Work order | Whatever pictures appear, omit them, and repeat the data below exactly.

:: Raw data

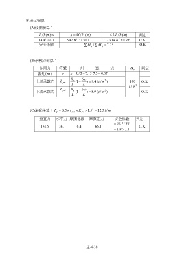 (C)滑動檢算: P = 5 . 0 ×γ sat × K pc × 5 . 1 2 = 12 5 . t / m
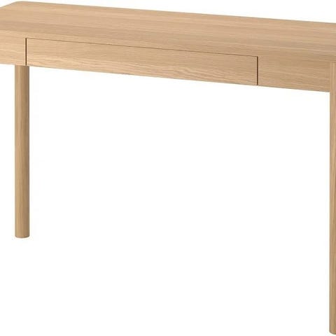 Skrivbord/datorbord i ljus träfaner med flera hyllor för förvaring och en utdragbar skiva för tangentbordet. Passar för kontor eller arbetsrum och ger organiserad plats för dator och tillbehör.
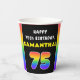 75th Birthday: Colourful Rainbow # 75, Custom Name Paper Cups
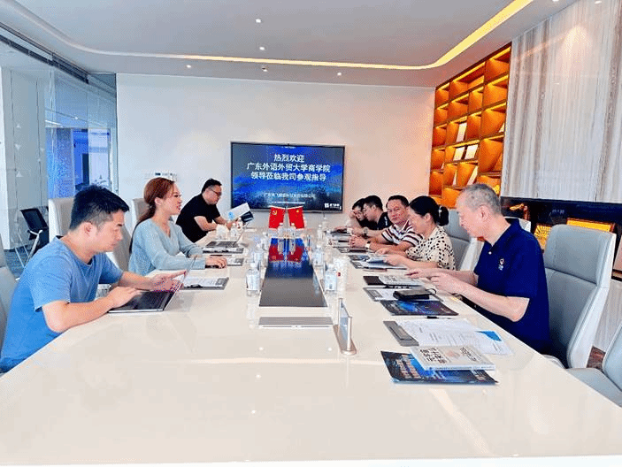 广东奥飞数据科技股份有限公司执行总裁李碧妍校友对商学院一行的到访表示热烈欢迎,并一同参观了奥飞数据公司的数字展示厅,随后李碧妍就企业的发展历程、产品及服务情况、党建工作、关键客户服务、产业生态圈等情况做了详细介绍,并就双方未来的合作交流进行了探讨。

::::

Output below |
 (C)滑動檢算: P = 5 . 0 ×γ sat × K pc × 5 . 1 2 = 12 5 . t / m
 Skrivbord/datorbord i ljus träfaner med flera hyllor för förvaring och en utdragbar skiva för tangentbordet. Passar för kontor eller arbetsrum och ger organiserad plats för dator och tillbehör.
 75th Birthday: Colourful Rainbow # 75, Custom Name Paper Cups
 广东奥飞数据科技股份有限公司执行总裁李碧妍校友对商学院一行的到访表示热烈欢迎,并一同参观了奥飞数据公司的数字展示厅,随后李碧妍就企业的发展历程、产品及服务情况、党建工作、关键客户服务、产业生态圈等情况做了详细介绍,并就双方未来的合作交流进行了探讨。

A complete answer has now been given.